Introduction
I came to punk late and sideways, the way most outsiders do, not through the right record shops or the right postcodes, but through a person and a feeling. The person was my late husband. He chose death with dignity last year after 30 years of marriage.
When we met, I had two cassette tapes, Billy Joel and the Counting Crows, and he was appalled. This was a guy who grew up in the Valley in LA and spent a lot of his life going to shows. Let’s just say that when he played Sun Ra and then John Cage’s 4′33″ on our first date, I was unsure. A month later, we were engaged.
Music was a central part of our life together, and he helped me explore and build my own discography, including my punk collection, deliberately, almost as if he knew how much I’d need it someday.
Last year, as the world started to burn a little hotter and faster, and as my husband chose to die, I found myself building all-women playlists that combined Aretha, L7, and Amyl and the Sniffers, screaming and crying out the songs while hiding in my outside studio. After he died, I didn’t have to hide anymore, so our house became my mosh pit.
In the nine months since he passed, I’ve read all of the books on grief, and I’ve got to say: let it go. The feeling that something had happened to me, and the music being recommended, the stuff that was supposed to help, was all wrong. Too soft. Too resolved. Too busy telling me it was going to be okay.
I didn’t want okay. I wanted something that understood that it was not okay. That it was, in fact, completely horrible.
You know what got me to now? Joan Didion, Nora Ephron, and singing particularly angry and naughty songs out loud, especially “Ex-Boyfriend Beat” by Skinned Teen, “If I Had a Dick” by So Good, “Stiletto Heels” by High Tension, and “Switchblade” by LP.
So, having gotten here to this moment, here’s what I’ve worked out, still knee-deep in loss, about how punk handles grief. Not the aesthetic of it. Not the patches and the hair. The actual bones-and-guts philosophy of moving through the worst thing.
Six parts. All of them messy. None of them fixed.
I. Rage Before Resignation
The first thing grief culture tries to sell you is acceptance. There are stages, apparently. A diagram. As if losing someone is a project you can manage, with milestones and deliverables and a tidy sign-off at the end.
The five stages thing wasn’t even meant to work like that. Elisabeth Kübler-Ross was writing about people who were dying themselves, not the ones they left behind, but it got copied and pasted into the popular imagination anyway. Now, everyone with a concerned face asks, “Have you reached acceptance yet?”
No. I have not reached acceptance. I am in the cereal aisle, losing my mind. Thank you for asking.
Punk doesn’t start from acceptance. Punk starts with, “This is wrong, and I am furious about it.” The whole tradition, from The Clash to Bikini Kill to every chaotic three-minute blast these women are making right now, is built on the premise that anger is a legitimate response to a world that keeps doing shit it shouldn’t.

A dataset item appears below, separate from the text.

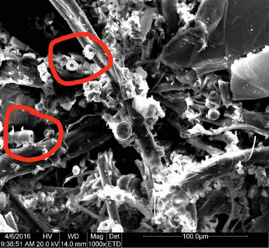 汽车离合器摩擦材料的电镜,请教一下,这种管状结构的是什么材料

All I ever wanted was to walk by the park
All I ever wanted was to walk by the river, see the stars
Please, stop fucking me up.
— Amyl and the Sniffers
That. That energy.
Grief doesn’t begin with peace. It begins with, “How dare this have happened?” You are allowed, in fact, supposed to stay there until you’re ready to move. Not because someone else needs you to, but because you need you to.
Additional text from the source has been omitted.